** Assignment **
Without the pictures, give the listing below again exactly.

** Recorded information **
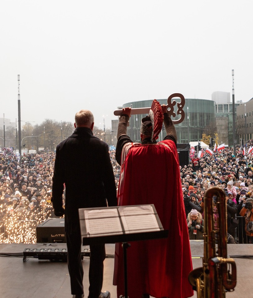 Zdjęcie przedstawia moment wręczenia kluczy do miasta świętemu Marcinowi. Prezydent i święty Marcin stoją tyłem do obiektywu fotografa. Przed nimi rozciąga się tłum. Święty Marcin podnosi do góry wielki srebrny klucz, jest ubrany w czerwony płaszcz i hełm z grzebieniem.
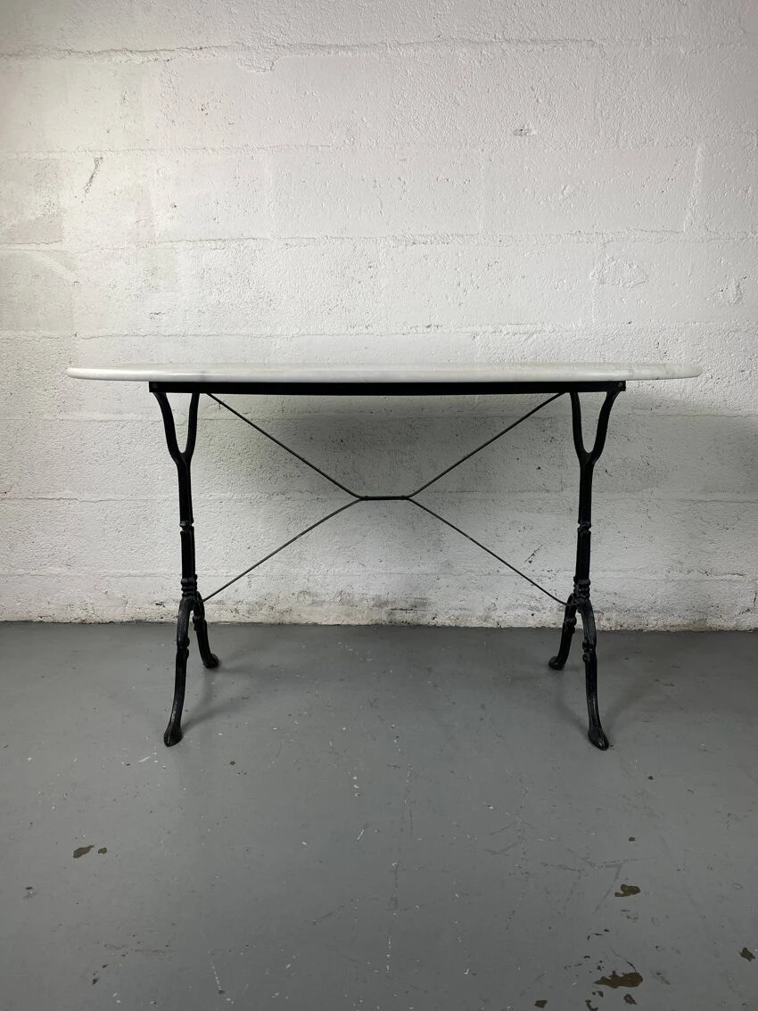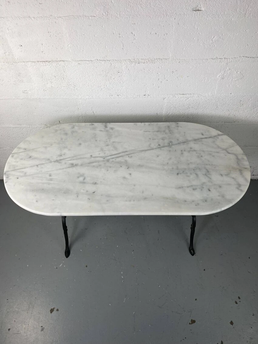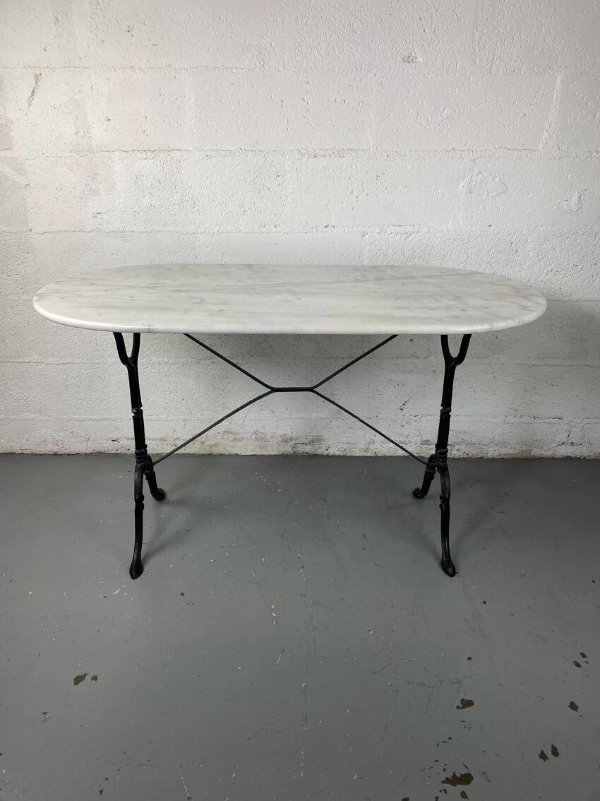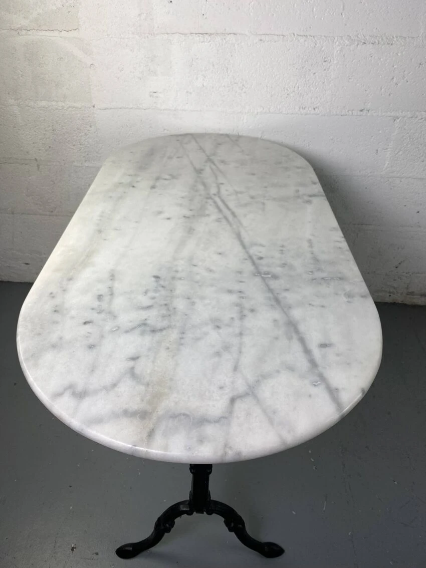 Discover this superb bistro table combining elegance and robustness, with its oval marble top and its wrought iron structure.
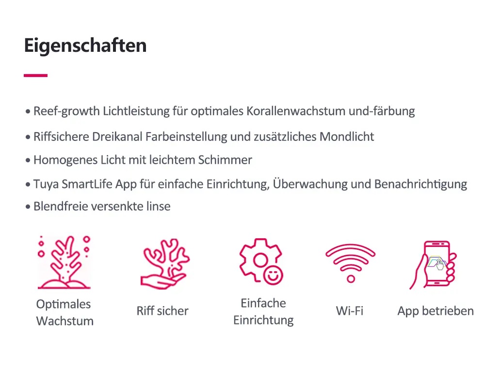 Die neu gestaltete Optik sorgt für eine gleichmäßige Lichtverteilung, die Ihr Aquarium mit einer Abdeckung von bis zu 80 cm abdeckt. Diese gleichmäßige Abdeckung minimiert Hotspots und erzeugt einen Effekt, der dem einer Metallhalogenid/T5-Kombination ähnelt.
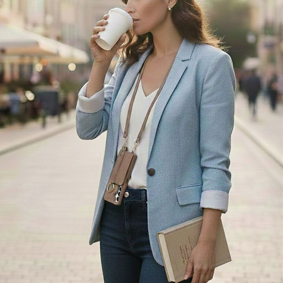 Luxury PU Leather Shoulder Strap Phone Case Wallet with Grip Stand for Samsung Galaxy

** Output for this task **
 Zdjęcie przedstawia moment wręczenia kluczy do miasta świętemu Marcinowi. Prezydent i święty Marcin stoją tyłem do obiektywu fotografa. Przed nimi rozciąga się tłum. Święty Marcin podnosi do góry wielki srebrny klucz, jest ubrany w czerwony płaszcz i hełm z grzebieniem.
 Discover this superb bistro table combining elegance and robustness, with its oval marble top and its wrought iron structure.
 Die neu gestaltete Optik sorgt für eine gleichmäßige Lichtverteilung, die Ihr Aquarium mit einer Abdeckung von bis zu 80 cm abdeckt. Diese gleichmäßige Abdeckung minimiert Hotspots und erzeugt einen Effekt, der dem einer Metallhalogenid/T5-Kombination ähnelt.
 Luxury PU Leather Shoulder Strap Phone Case Wallet with Grip Stand for Samsung Galaxy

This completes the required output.